Eric B. Forsyth was born in England, and attended Bolton School and Manchester University where he joined the University Air Squadron. After graduating in Electrical Engineering he completed RAF pilot training and was posted to a fighter squadron. He was awarded the City of Manchester Flying Trophy in 1956. When Britain reduced her armed forces, he immigrated to Canada and obtained a commercial pilot’s license, rated for single and multi-engine land and sea planes. Unfortunately, good flying opportunities did not appear.
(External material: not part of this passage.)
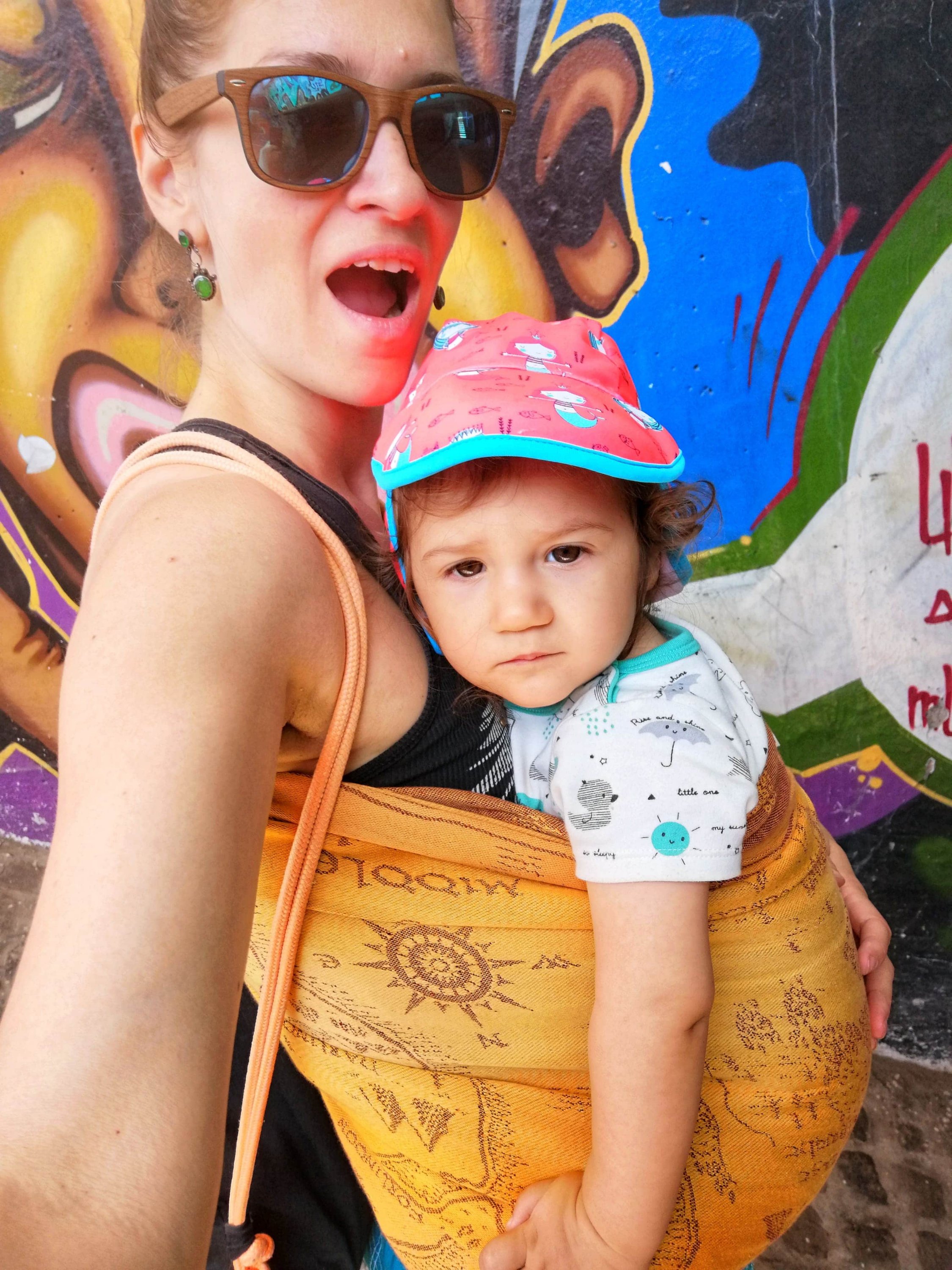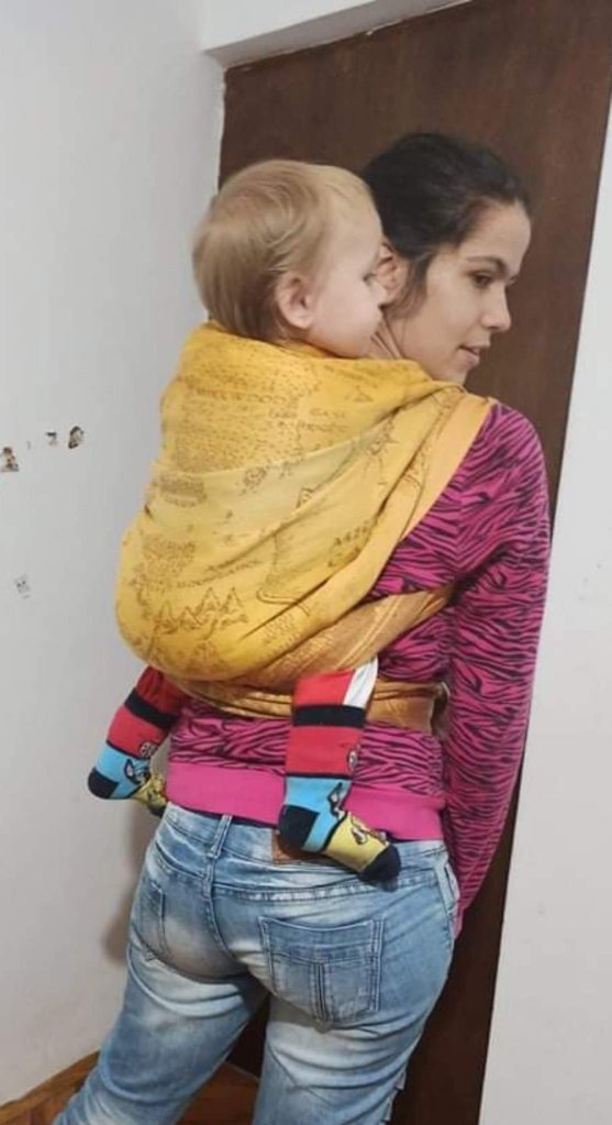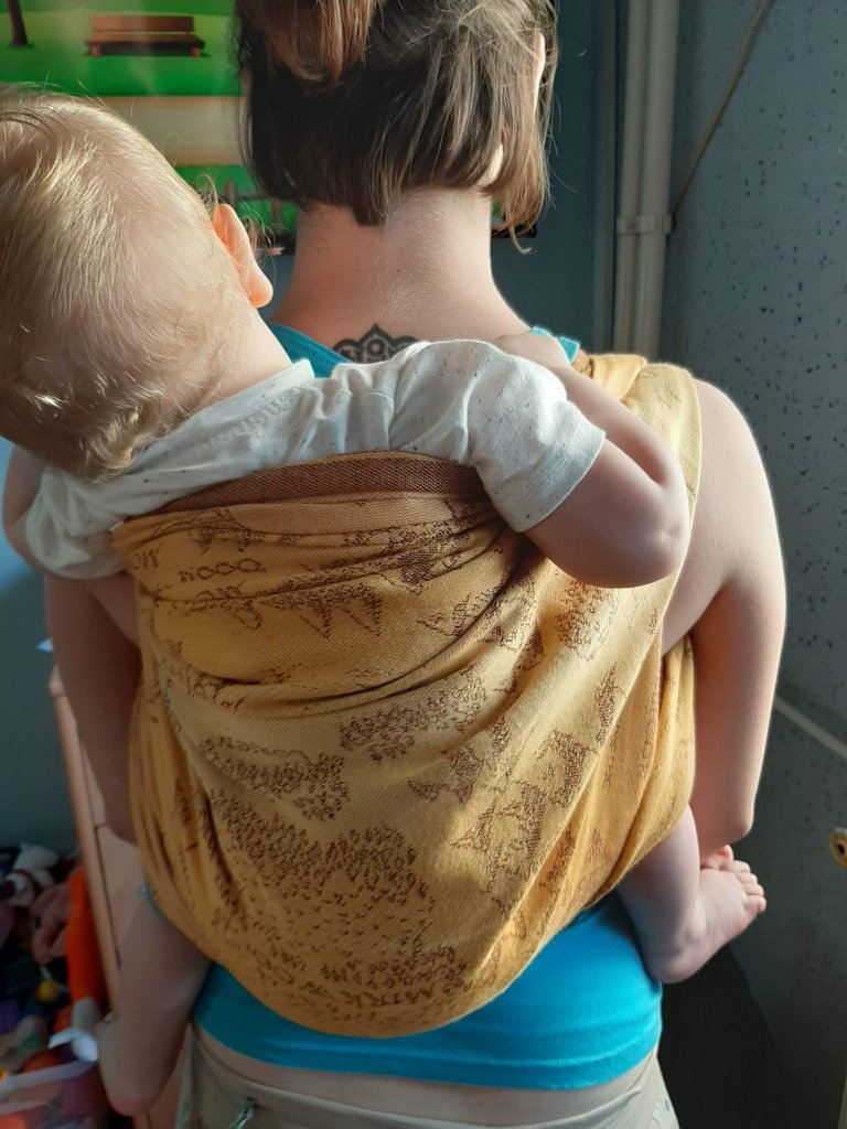 We had opportunity to try Oscha Map of Middle Earth. I really love colour and design of this wrap. It is thin but very supportive because of linen in it. With lots of glide and enough grippe to stay in the place. It is modable and easy to tie. I didn’t feel weightless on the shoulders at all. My daughters is enjoying in this beauty. They are 9 months old, 10 kg and 2 years old , 13 kg. I always think that wrap in size 3 not for me, but I wrong. This is perfect wrap in perfect size for me, I know that now. Thanks a lot for this opportunity @Oscha slings and @Lena’s traveling carriers

He enrolled in Toronto University Engineering Graduate School and was later hired to join the Scientific Staff of Brookhaven National Laboratory on Long Island, New York, where he worked on applications of superconductivity and particle accelerators. He worked there for 35 years, eventually being appointed Chair of the Accelerator Development Department, which was responsible for the pre-construction planning and design of the Relativistic Heavy Ion Collider (RHIC), now the most powerful nuclear physics research tool in the United States.
Once established on Long Island, Eric enthusiastically took up sailing. His first sailboat was a 16-foot daysailer, but he soon advanced to ocean sailing. He currently sails a 42-foot cutter, Fiona, which he built himself from a bare fiberglass hull. His accomplishments with this boat, which include two circumnavigations of the globe and cruises to polar waters and through the Northwest Passage, resulted in the award of the prestigious Blue Water medal from the Cruising Club of America.
His sailing adventures are recounted in his book, "An Inexplicable Attraction: My Fifty Years of Ocean Sailing," which was included in Kirkus Review’s 100 Best Memoirs of 2018. He published his first novel, "Wings over Iraq," in 2020, inspired by stories he heard as a young man told by old-timers on his RAF squadron who had served in Iraq before WWII. His second novel, "Wings Over the Channel," follows the turbulent time in Britain before the start of WWII when the British were desperately trying to develop a radar defense system.